Share your dilemmas and get honest opinions from other Mumsnetters.

Husband to not attend nursery graduation?

628 replies

AleenaM · 09/06/2024 11:30

Nursery graduation at the end of the month and summer party right after, but husband says he has a sports/hobby competition that day. Don't know if he's joking but even the suggestion annoys me.

AIBU to expect him to attend party? Child won't graduate again but I'm sure they'll be competitions again.

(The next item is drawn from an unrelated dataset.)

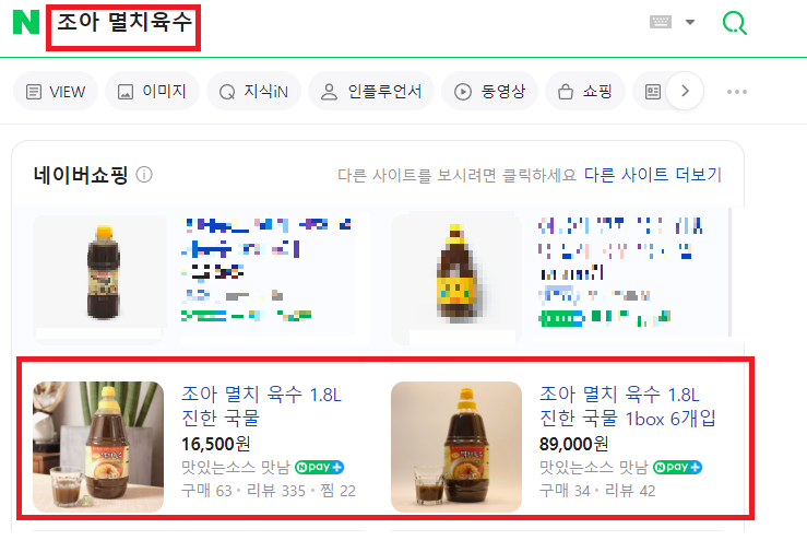 시판되는 멸치육수는 다양합니다.

He is just getting back into this sport and it's a regional competition, it's not like a once in a lifetime olympics or something ...

OP posts:
Lulamoon2 · 09/06/2024 20:15

pontipinemum · 09/06/2024 20:04

YANBU - Yes it is a little 'silly' but unless you have something important on I don't know why you'd miss it. They are super cute too.

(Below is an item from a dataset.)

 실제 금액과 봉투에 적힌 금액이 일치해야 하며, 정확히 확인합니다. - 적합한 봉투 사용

Show up for your child. Your child being some made up character in the Christmas play isn't too important either but it is to them.

Edited

I agree with this. Yes, they are definitely silly and unnecessary but I won't miss my sons 'graduation' if his nursery does it, although I doubt they do, they seem quite sensible with this stuff. But I would go, and I'm sure I'd enjoy it. I wouldn't tell my partner to book a day off work for it, but a hobby or something I'm sure he could just do another time.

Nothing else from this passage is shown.